Anti-Surveillance Petition Strikes a Chord with Canadians

The Canadian government has gone through a 58 hour filibuster with regards to the Canada Post lockout. With this out of the way, some are fearing what the Canadian Conservative government will do next. One of the things that could be in the pipe-line is the much feared warrantless wiretapping legislation. It sparked one group to put together a petition that is already garnering huge success.

Note: This is an article I wrote that was published elsewhere first. It has been republished here for archival purposes

Canadians have been down this road before. In 2008, the Liberals were proposing what is still known to this day as “Lawful Access”. The debate which was debated back in 2008 and even further back into 2005 when it took the iteration of Bill C-74 back then.

In both the 2005 and 2007-2008 instances, the Liberal party were the ones pushing the legislation. Now today, roughly 6 years later, very little has changed save for the possibility that the Conservative party is now pushing for Lawful Access legislation. The arguments against Lawful Access should be very familiar for those, like me, who sat through the debates over whether or not Lawful Access should be passed in the first place. It’s too expensive for various companies to implement, it uses resources that authorities don’t have, it’s too expensive for companies to maintain, it’ll never be 100% effective given the existence of technology such as VPN and TOR, it’s an infringement on people’s rights, there is no court oversight, it can easily be abused, it does little to nothing at solving crime in the first place and it could make tihngs worse for authorities as it would encourage anyone they could be after to adopt more effective ways of avoiding surveillance, making it harder for authorities to keep track of the very people they want to keep track of. One can already get that Groundhog Day feeling just listing off the reasons why Lawful Access is bad.

Regardless, Open Media has launched a petition website called Stop Online Spying (stopspying.ca) to encourage users to get involved early in opposing any such legislation. The petition makes the following arguments:

The government is trying to ram through an anti-Internet set of electronic surveillance laws that will invade your privacy and cost you money. The plan is to force every phone and Internet provider to surrender our personal information to “authorities” without a warrant.
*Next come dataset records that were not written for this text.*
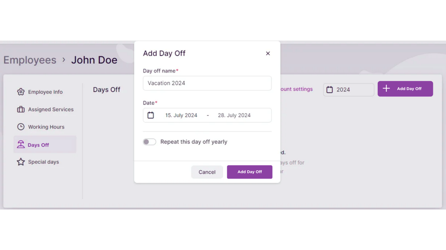 The “Days Off” section is where you can easily manage your employees’ time off, whether it’s for vacations, holidays, or sick days.
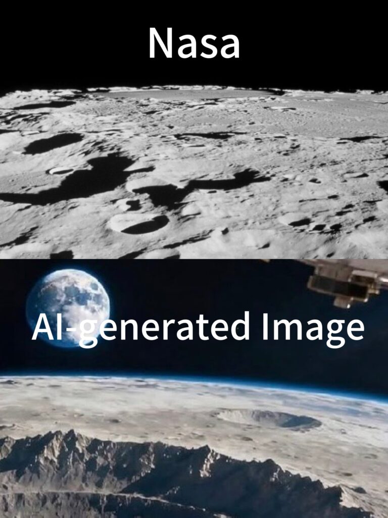 Blue Halo: The glowing blue halo along the lunar horizon in the image is physically impossible. Blue light scattering requires the presence of an atmosphere — which the Moon does not have. Authentic lunar photography shows a sharp, stark boundary between black space and the gray lunar surface, with no blue gradient.
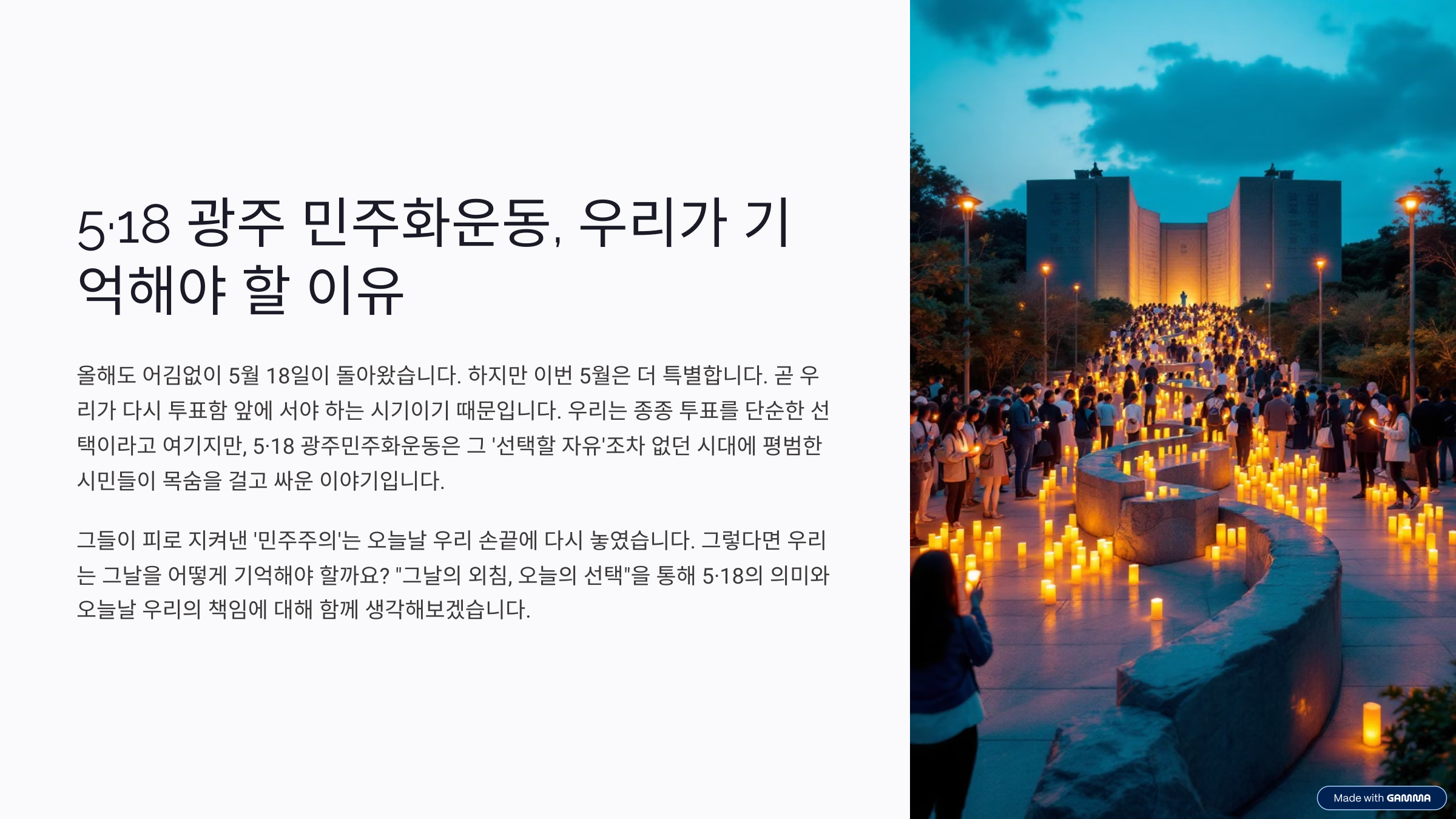 그들이 피로 지켜낸 ‘민주주의’는 오늘날 우리 손끝에 다시 놓였습니다. 그렇다면 우리는 그날을 어떻게 기억해야 할까요?
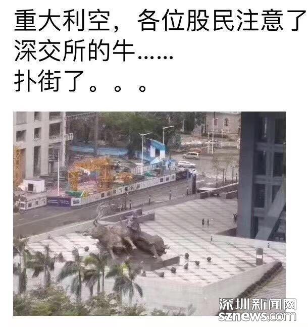深圳新聞網(wǎng)9月18日訊(記者 張玲 實習生歐陽子瑜 張林羽 陸宇)關(guān)于“山竹”的各種段子特別多,博君一笑,未必是真。記者18日發(fā)現(xiàn),有一張像素極低的圖在網(wǎng)上流傳,照片中一頭牛雕塑臥倒在地,配文是:重大利空,各位股民注意了,深交所的牛,撲街了……
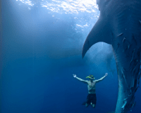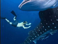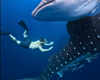 Китовые акулы. Всего 6-8 мест на Земле, где можно с ними плавать. Лучшим считается Филиппины, но я пробовал и там, и здесь — и здесь в разы круче: ни толп туристов, ни суеты, только мы и величественные гиганты.
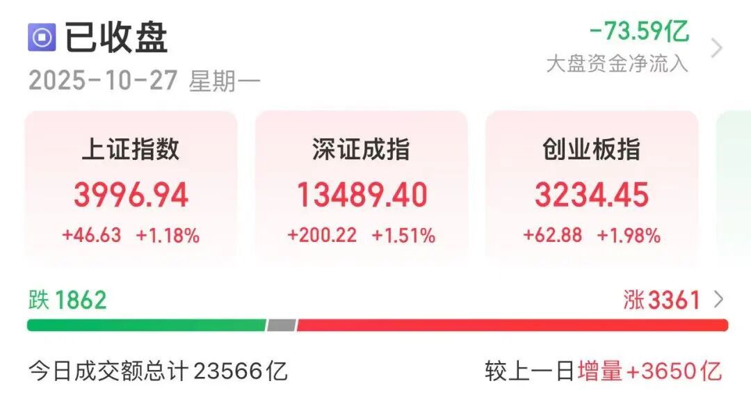 截至收盤,上證指數(shù)漲1.18%,收于3996.94點;深證成指漲1.51%,創(chuàng)業(yè)板指漲1.98%。全市場成交額超2.35萬億元,超3300只個股上漲。

This bizarre legislation will create Internet surveillance that is:

* Warrantless: A range of “authorities” will have the ability to invade the private lives of law-abiding Canadians and our families using wired Internet and mobile devices, without a warrant or any justification.
* Invasive and Dangerous: The laws leave our personal and financial information less secure and more susceptible to cybercrime.
* Costly: Internet services providers may be forced to install millions of dollars worth of spying technology and the cost will be passed down to YOU.

Michael Geist notes that the online petition received thousands of signatures on it’s first day. As of this writing, the petition has collected a grand total of 36,677 signatures. It’s a number that only stands to grow given how Canadians reacted to previous iterations of Lawful Access.

The CBC adds:

The petition is backed by the Canadian and B.C. civil liberties associations, the Canadian Internet Policy and Public Interest Clinic at the University of Ottawa and the Tyee, a B.C.-based news and culture website. Several unions and independent media outlets are also supporting the campaign.

What will be interesting this time is seeing how opposition toward this legislation fares against a Conservative majority government.